Chapter the 10th


“You’ve done it now!”


I recognized that voice, the voice of a mean old cop. I felt a headache throbbing somewhere, but it seemed to be somewhere off to the side. Much closer to the center of me was an intense pressure on my neck, right behind my jaw bone.


“Yes, we have done something,” said a child, the elf girl Ralindera.


“What are you doing?” asked another child, the elf girl Ralindera.

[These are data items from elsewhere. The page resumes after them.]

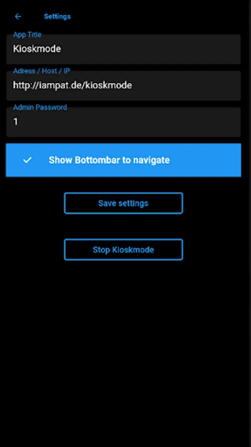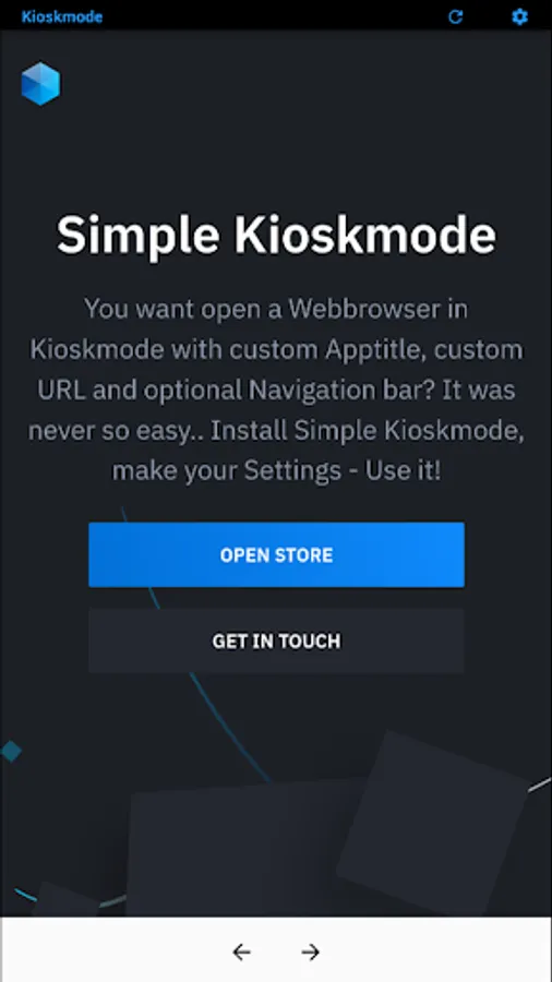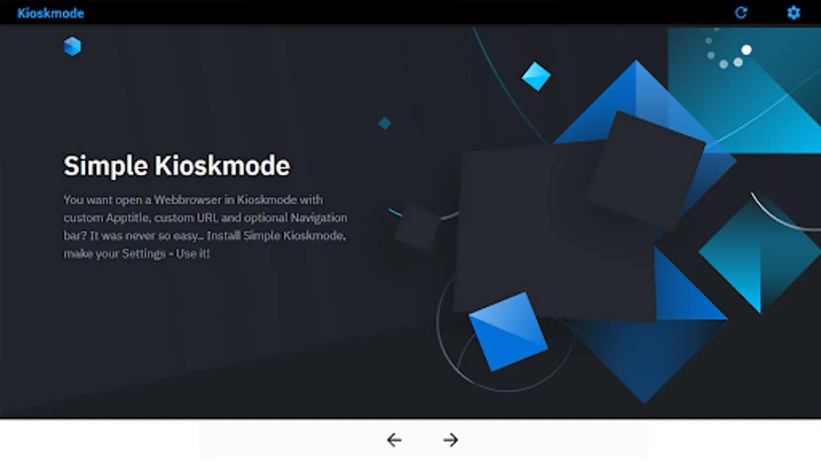 You want open a Webbrowser in Kioskmode with custom Apptitle, custom URL and optional Navigation bar? It was never so easy.. Install Simple Kioskmode, make your Settings - Use it!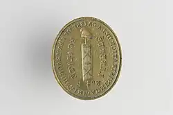Seal with the inscription "Administration de la Caisse de l'Extraordinaire" together with the symbol of revolutionary France (fasces with a Phrygian cap on top) and the abridged motto "Liberté - Égalité", held at the Musée Carnavalet[1]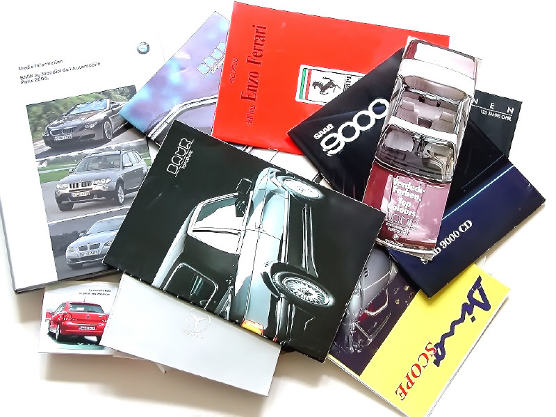 DIVERS Ensemble de 4 catalogues, 2 dépliants, 3 dossiers de presse avec photos & 6 documents automobiles

“Don’t you know anything about first aid?” asked the mean cop. “I’m squeezing the pressure point that will control the bleeding.”


“May I help you squeeze this pressure point?” asked another child, the elf boy Marakel.


“No,” answered the cop. “No, I know what I’m doing and you don’t. What you can do is call an ambulance.”


“Ambulance?” asked Perlinda.


“An ambulance is a small truck that will rush this kid to the hospital before he bleeds to death,” said the cop.


“Hospital?” asked Marakel.


“Don’t you know anything?” asked the pretty exasperated cop. “A hospital is a place where they take care of sick and injured people, like Gwion, here. Just go to that phone there and dial 9-1-1!”


“We will cure the injury,” said Ralindera.


“No, you can’t.”


“You do not understand,” said Marakel. “We know how to heal Gwion.”


YOU ARE THE ONE’S WHO DON’T UNDERSTAND! GET TO THAT PHONE AND DIAL 9-1-1!”


“No,” said Perlinda. “You are not understanding. We are the ones who caused Gwion’s red water to flow because Gwion spoke what was true. We are the ones who must play the tune of healing for Gwion.”


I had a vague sense that the elves and the cop were talking about me but mostly it felt like they were talking about somebody else. I was kind of wondering who would win this argument and I didn’t seem to care who won it. If I did care, I could not have said anything anyway. The argument stopped and I heard the sound of piping.


“PUT THOSE THINGS AWAY!” yelled the cop. “Serenading him won’t do any good! WILL YOU PLEASE CALL 9-1-1!!!”


It seemed that the cop couldn’t win the argument because he couldn’t stop pressing my pressure point and make the elves do anything. I kind of thought I didn’t want to go to the hospital because there was something important I had to do and I couldn’t do it if I went to the hospital. The elves were playing different tunes but this time they seemed to go together, even when they sounded kind of off-key. My headache seemed to get smaller, like a kitten curling up in a ball for a nap. Then the tune made me feel like my blood was dancing. That’s silly; blood doesn’t dance, but that’s what it felt like. I heard the cop say something about the wound looking better. I was feeling better by the minute, but I still couldn’t say so. The elves kept on piping and I felt my headache oozing out of my head. After a while, I heard another voice, a nice-sounding voice. I thought maybe they’d called a doctor after all, but I didn’t feel the poking and prodding you get from a doctor. After another while, my blood stopped dancing and settled down to swimming through my veins the way it’s supposed to. All this time, my headache dissolved like a spoonful of salt in water until finally, it was gone. I opened my eyes. An overhead light almost blinded me for a moment. A man looking down on me, the cop.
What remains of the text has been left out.